Terms and Conditions


1. Introduction
These Terms and Conditions govern all sales, purchases, and interactions between ScanSeconds (“we”, “us”, “our”) and any customer (“you”, “Buyer”, “Customer”) accessing services or products through our website or sales channels. By submitting a purchase order, contact form, or quotation request, you agree to be bound by these terms

2. Applicability and Agreement Scope
These terms apply to all sales of medical imaging equipment, accessories, and related services offered by ScanSeconds. All orders are subject to acceptance by ScanSeconds, and any sales confirmation or invoice will constitute the complete Sales Agreement. Other terms not expressly included herein shall not apply unless agreed in writing.

3. Orders and Acceptance
Products are offered and sold on a business-to-business (B2B) basis. Acceptance of a quote or order places a binding obligation on the Buyer to purchase the described products and on ScanSeconds to deliver subject to these terms.

4. Prices and Payment Terms
All prices are quoted in United States Dollars (USD) unless otherwise noted. Unless otherwise agreed in writing, full payment is required prior to shipment or release of equipment. Payments must be made by bank transfer or other approved method. Buyer is responsible for all bank and transfer fees unless otherwise stated.

5. Taxes and Additional Charges
Prices do not include taxes, duties, tariffs, customs fees, or other charges imposed by local jurisdictions. These costs are the responsibility of the Buyer unless explicitly designated otherwise.

6. Inspection and Acceptance of Equipment
Buyer may, at their discretion and expense, inspect equipment prior to shipment or as specified in the sales agreement. If Buyer fails to conduct an inspection within an agreed timeframe, the equipment will be deemed accepted.

7. Delivery and Risk of Loss
Delivery dates are estimates based on current availability and shipping conditions. ScanSeconds will make commercially reasonable efforts to meet estimated delivery dates, but is not liable for delays caused by operational issues, carrier delays, force majeure, or other circumstances beyond our control. Risk passes to Buyer upon delivery to the carrier or as otherwise agreed in writing.

8. Warranty and Condition of Sale
Unless otherwise stated in writing, all equipment is sold “as is, where is” with no express or implied warranties, including warranties of merchantability or fitness for a particular purpose. Refurbished equipment, if applicable, will be noted with any terms of condition, warranty, or service coverage.
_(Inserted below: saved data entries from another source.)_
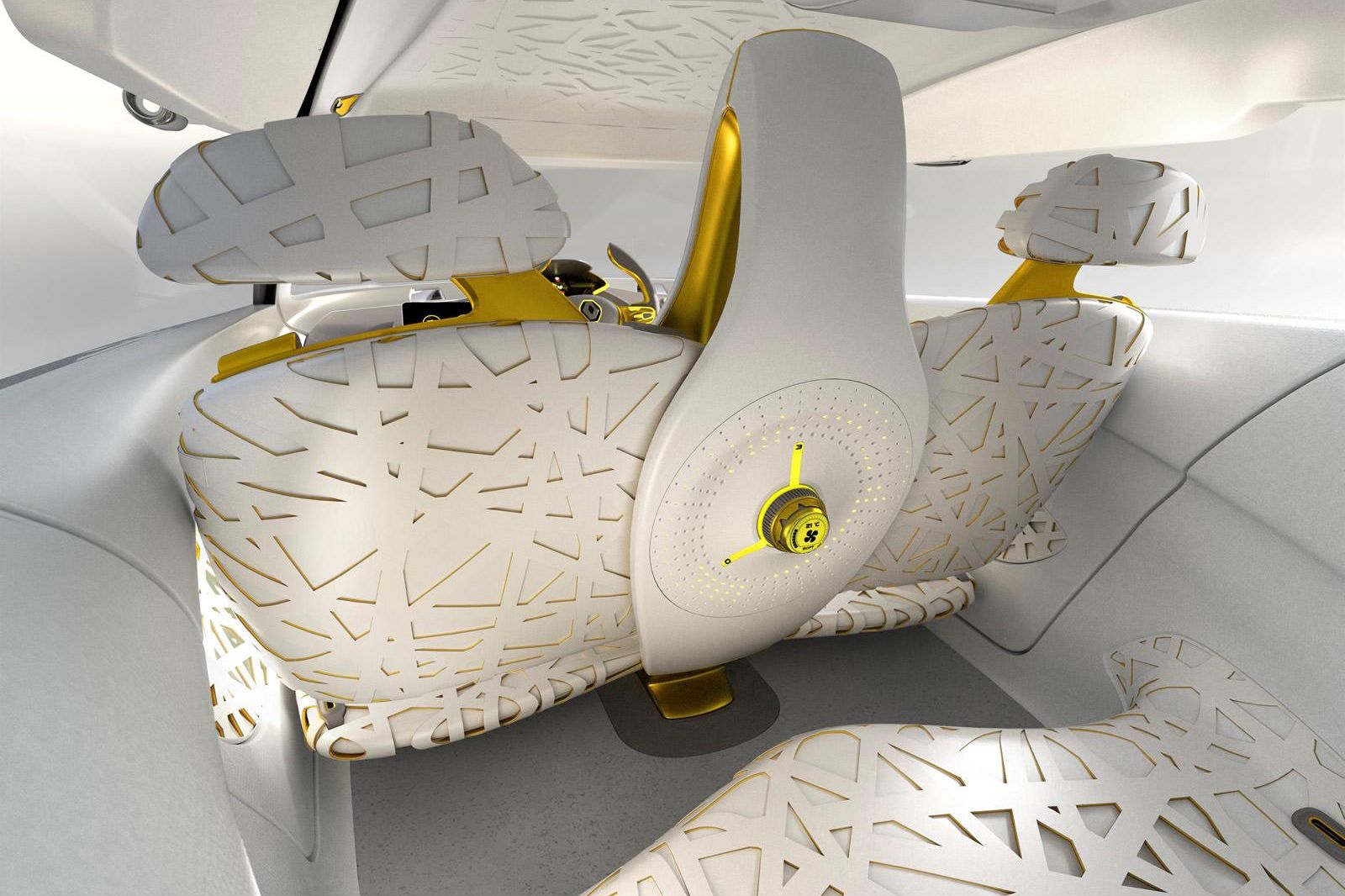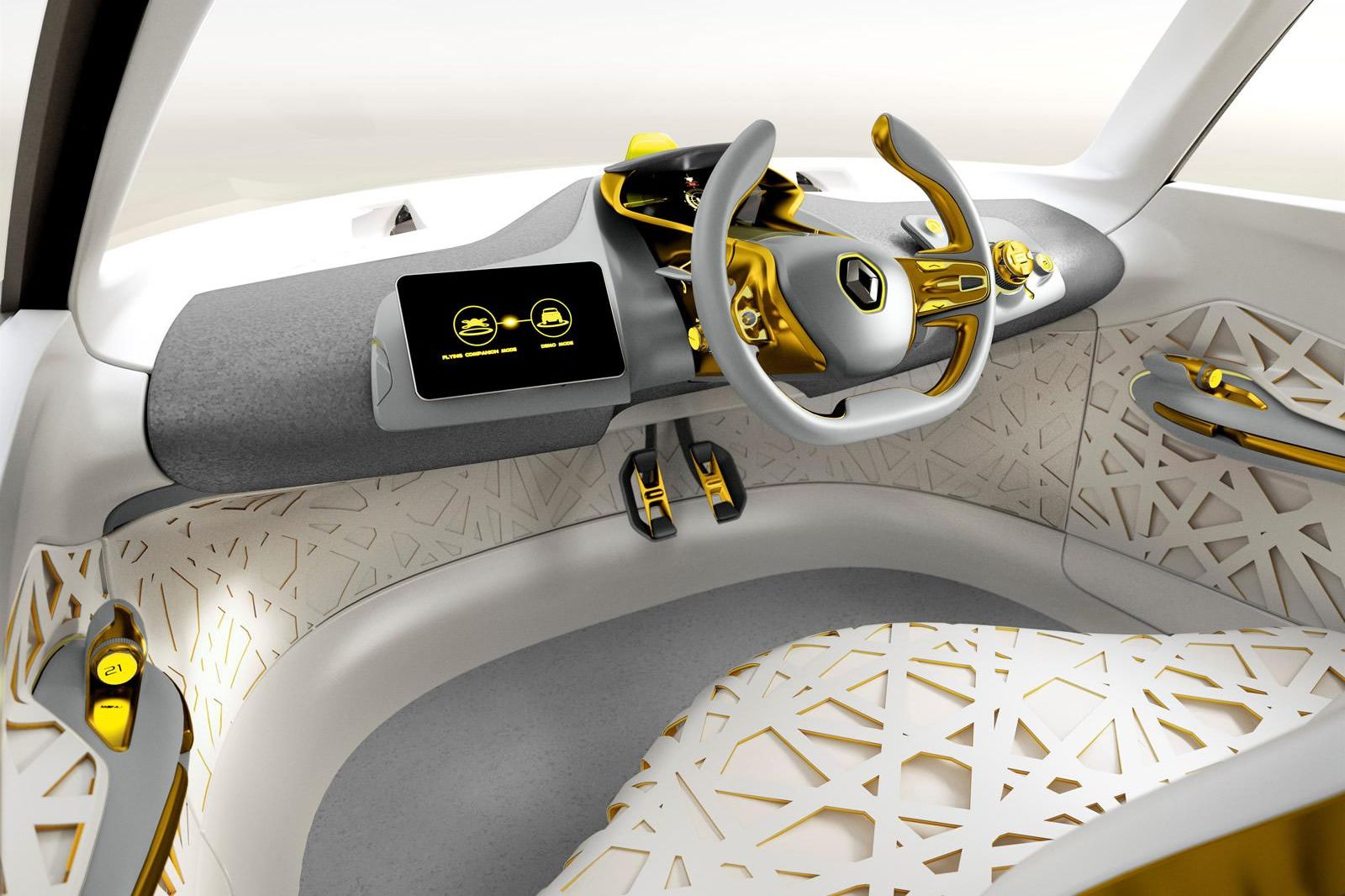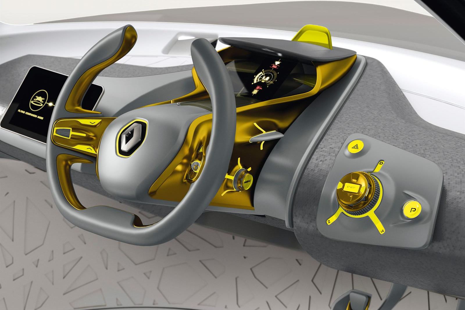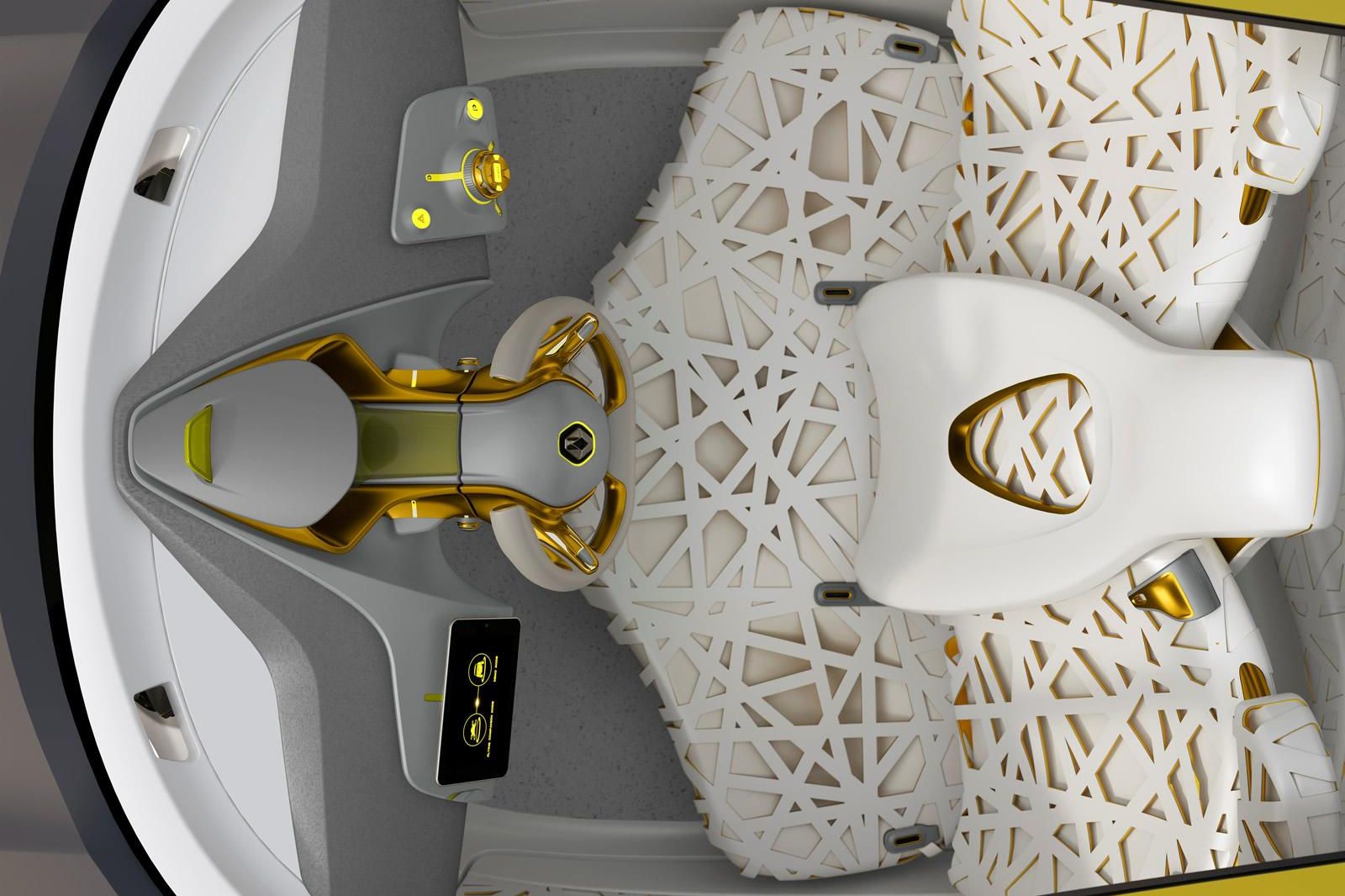 Elöl elvileg hárman üldögélhetnének a szíjakon, a sofőr középen. Hátra is beférhetne még két utas a vagány, de annál kényelmetlenebbnek tűnő padra. Motorfronton 1.2 TCe benzinest említ a sajtóanyag EDC dupla kuplungos automata váltóval és szimpla fronthajtással (á la Captur), de nem zár ki egy Z.E. elektromos verziót sem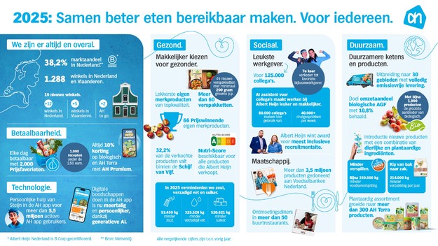 De biologische groei maakt deel uit van een bredere duurzaamheidsstrategie. Zo groeide het plantaardige AH Terra-assortiment naar 351 producten en werd gewerkt aan vermindering van voedselverspilling en CO₂-uitstoot.
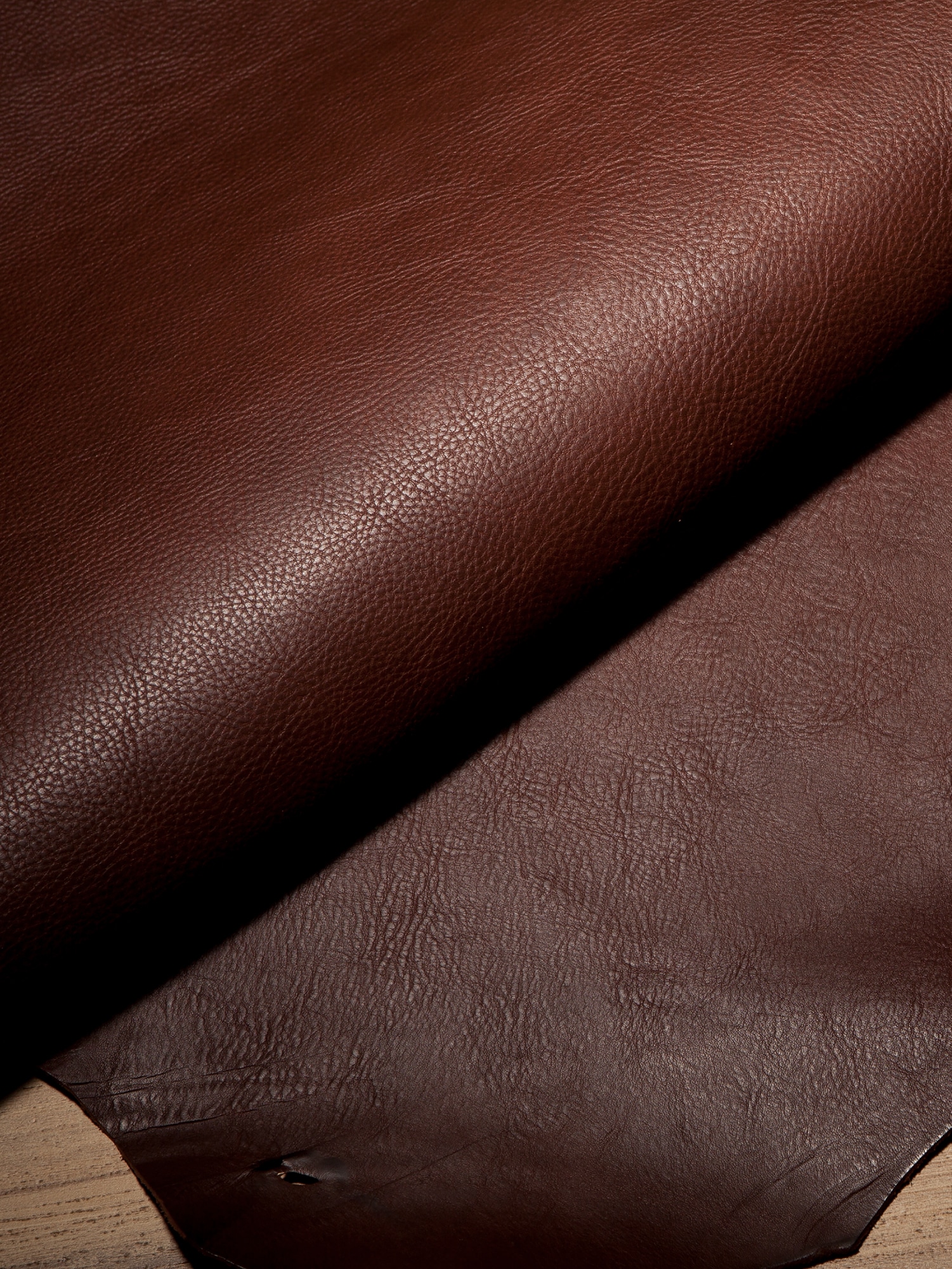 目立つシミや、生前傷は革の裁断時に避けて使用します。革らしい風合いを楽しめるレザーです。牛のシワや、血筋なども見ることができます。表面加工を極力抑えた、魅力的な革素材です。

9. Limitation of Liability
ScanSeconds is not liable for incidental, consequential, indirect, or punitive damages, including loss of use, revenue, or data arising out of the sale or use of equipment. Our total liability shall not exceed the purchase price of the specific item giving rise to the claim.

10. Compliance with Laws and Regulations
Buyer agrees to comply with all applicable laws and regulations regarding the use, import, export, and operation of the equipment. This includes medical device regulations, safety standards, and requirements in the Buyer’s jurisdiction.

11. Export and Destination Controls
Equipment may be subject to export controls and international trade regulations. Buyer agrees not to resell, transfer, or export equipment without compliance with all applicable governmental authorizations.

12. Indemnification
Buyer agrees to indemnify and hold ScanSeconds harmless from any loss, liability, or expense (including legal fees) arising from Buyer’s misuse, unauthorized resale, or failure to comply with applicable laws.

13. Intellectual Property
Buyer acknowledges that ScanSeconds and its suppliers retain all intellectual property rights in designs, manuals, software, and related documentation. Buyer shall not attempt to reverse engineer or infringe on proprietary rights.

14. Changes and Amendments
Any modification to these Terms and Conditions must be in writing and signed by authorized representatives of both parties. Failure to enforce any provision shall not constitute a waiver of that provision.

15. Governing Law and Dispute Resolution
These terms are governed by applicable law as agreed by the parties. Any dispute arising hereunder shall be resolved through negotiation or, if necessary, through the courts in the agreed jurisdiction.

16. Severability
If any provision is deemed invalid or unenforceable, it shall not affect the enforceability of the remaining provisions.